ZHANG He, LEI Haopeng, WANG Mingwen, ZHANG Shangkun   

  1. School of Computer and Information Engineering, Jiangxi Normal University, Nanchang 330022, China
  • Online:2024-09-01 Published:2024-08-30

摘要: 针对文本生成图像任务中多阶段生成模型存在的问题,如缺乏图像纹理信息特征和文本描述与生成图像之间一致性差异,提出了一种新颖的生成对抗网络(ADM-GAN)模型。该模型使用注意力和动态记忆模块进行优化。通过文本编码器将文本描述转化为嵌入向量,并利用生成器结合随机噪声生成低分辨率图像。引入了空间注意力和通道注意力模块,旨在融合低分辨率图像隐藏特征与重要的单词级语义特征,从而确保文本描述与图像特征的一致性。使用动态记忆模块捕获文本与图像间的语义对应关系,并根据生成过程动态调整记忆内容,细化图像纹理,提升文本到图像的合成效果。通过在公开的CUB和COCO数据集上的对比实验,同以往方法相比,Fréchet inception distance与inception score有了显著的提升,证明了该模型在一定程度上能够解决图像细节缺失以及语义信息丢失等问题,有效提高了图像与文本的一致性,取得了更加优异的效果。
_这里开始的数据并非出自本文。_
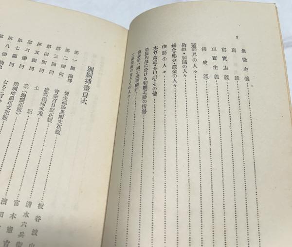 • 解説 箱(傷み)付 経年ヤケシミ 口絵モノクロ図版27点+本文216頁 窯業界の人々、染織・刺繍の人々、鋳金・彫金・鍛金の人々、漆芸の人々、木竹・象嵌・介甲彫・その他 工芸美術の会とその人々等など 四六判 昭和3年刊

关键词: 文本生成图像, 生成对抗网络, 注意力机制, 动态记忆

Abstract: Aiming at the problems existing in multi-stage generative models in the text generation image task, such as the lack of image texture information features and the poor consistency between text descriptions and generated images, this paper proposes a novel generative adversarial network (ADM-GAN) model. The model is optimized using attention and dynamic memory modules. In the initial stage, the text description is converted into embedding vectors through a text encoder, and a generator is used to combine random noise to generate low-resolution images. Then, the paper introduces spatial attention and channel attention modules, aiming to fuse low-resolution image hidden features with important word-level semantic features, thereby ensuring the consistency of text description and image features. Finally, the dynamic memory module is used to capture the semantic correspondence between text and images, and dynamically adjust the memory content according to the generation process, refine the image texture, and improve the text-to-image synthesis effect. Through comparative experiments on the public CUB and COCO data sets, compared with previous methods, the Fréchet inception distance and inception score of this paper have been significantly improved, proving that this model can solve the problem of lack of image details and semantic information to a certain extent. It effectively improves the consistency between images and text, and achieves better results.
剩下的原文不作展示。